[Opening DATA EXTRACT section]
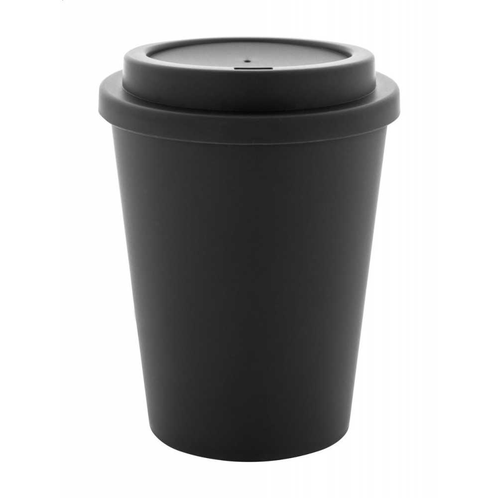 Artikel-Nr: AND800588-10Doppelwandiger, isolierter Thermobecher aus PP-Kunststoff mit Trinkdeckel. Füllmenge: 300 ml.
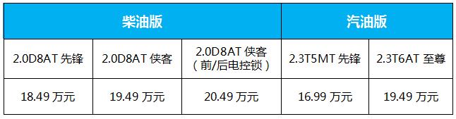 新车搭载全新调校的2.3T+6AT的黄金动力组合,拥有170KW的最大功率和345N·m的超强扭矩。还经过了专业越野化设计,涡轮增压在发动机转速1000rpm便会介入,低转速大扭矩的特点让其在越野工况下能够应对自如。得益于其采用独有的闭式冷却循环技术,全新2.3T发动机极限工况耐高温上限达126℃,以更高标准匹配极限环境越野。
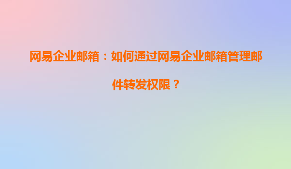 2025-08-08網(wǎng)易企業(yè)郵箱:如何通過網(wǎng)易企業(yè)郵箱管理郵件轉(zhuǎn)發(fā)權(quán)限? 一、網(wǎng)易企業(yè)郵箱簡介 網(wǎng)易企業(yè)郵箱是國內(nèi)領(lǐng)先的企業(yè)級電子郵件服務(wù)提供商,憑借其穩(wěn)定、安全、高效的特點,贏得了眾多企業(yè)的青睞。作為網(wǎng)易旗下的專...
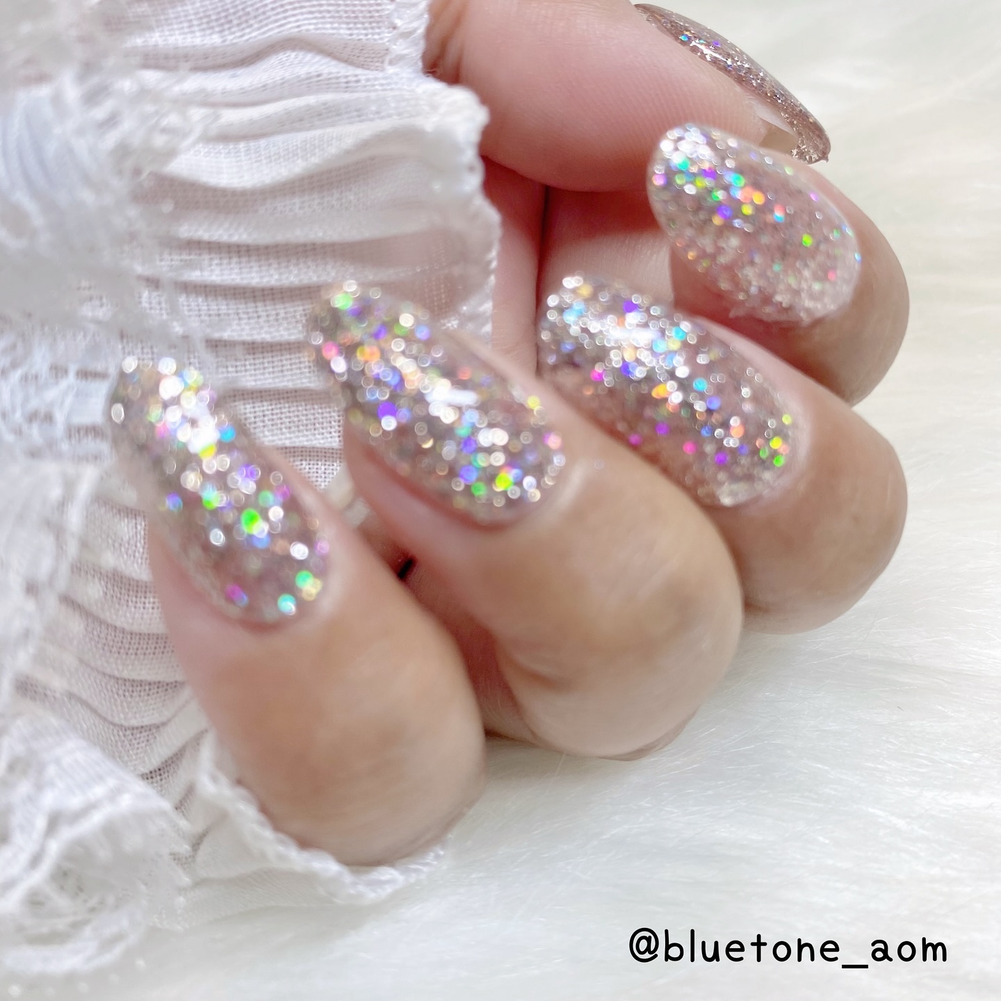 ラメがしっかりしてるし クリアカラーが入ってるから オーロラパウダー無しでも 充分キラキラしました! 反射強めのフィルムなので 実物はもっと うるうるとキラキラが強いです! ビー玉みたい🥺 ネイルシール長持ちさせたいけど ちょっと飽きてきたな〜って時とかに 全然違った印象になるのでオススメです! Seriaのベースジェル 本当にうるうるネイルしやすいので オススメしたい🙆♀️
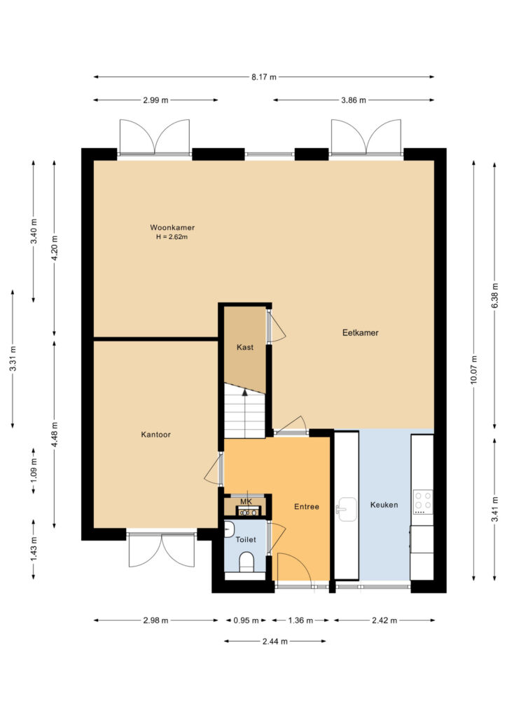 * Riante tuingerichte woonkamer van maar liefst 8,17 meter breed met 2 dubbele openslaande deuren (met schuifhorren) naar de tuin
[Closing DATA EXTRACT section]
### ACTIVITY
Starting at the line that holds "新车搭载全新调校的2.3T+", reproduce each line through the last one of the listing, and nothing more; the pictures stay out.

### FINISHED EXERCISE
 新车搭载全新调校的2.3T+6AT的黄金动力组合,拥有170KW的最大功率和345N·m的超强扭矩。还经过了专业越野化设计,涡轮增压在发动机转速1000rpm便会介入,低转速大扭矩的特点让其在越野工况下能够应对自如。得益于其采用独有的闭式冷却循环技术,全新2.3T发动机极限工况耐高温上限达126℃,以更高标准匹配极限环境越野。
 2025-08-08網(wǎng)易企業(yè)郵箱:如何通過網(wǎng)易企業(yè)郵箱管理郵件轉(zhuǎn)發(fā)權(quán)限? 一、網(wǎng)易企業(yè)郵箱簡介 網(wǎng)易企業(yè)郵箱是國內(nèi)領(lǐng)先的企業(yè)級電子郵件服務(wù)提供商,憑借其穩(wěn)定、安全、高效的特點,贏得了眾多企業(yè)的青睞。作為網(wǎng)易旗下的專...
 ラメがしっかりしてるし クリアカラーが入ってるから オーロラパウダー無しでも 充分キラキラしました! 反射強めのフィルムなので 実物はもっと うるうるとキラキラが強いです! ビー玉みたい🥺 ネイルシール長持ちさせたいけど ちょっと飽きてきたな〜って時とかに 全然違った印象になるのでオススメです! Seriaのベースジェル 本当にうるうるネイルしやすいので オススメしたい🙆♀️
 * Riante tuingerichte woonkamer van maar liefst 8,17 meter breed met 2 dubbele openslaande deuren (met schuifhorren) naar de tuin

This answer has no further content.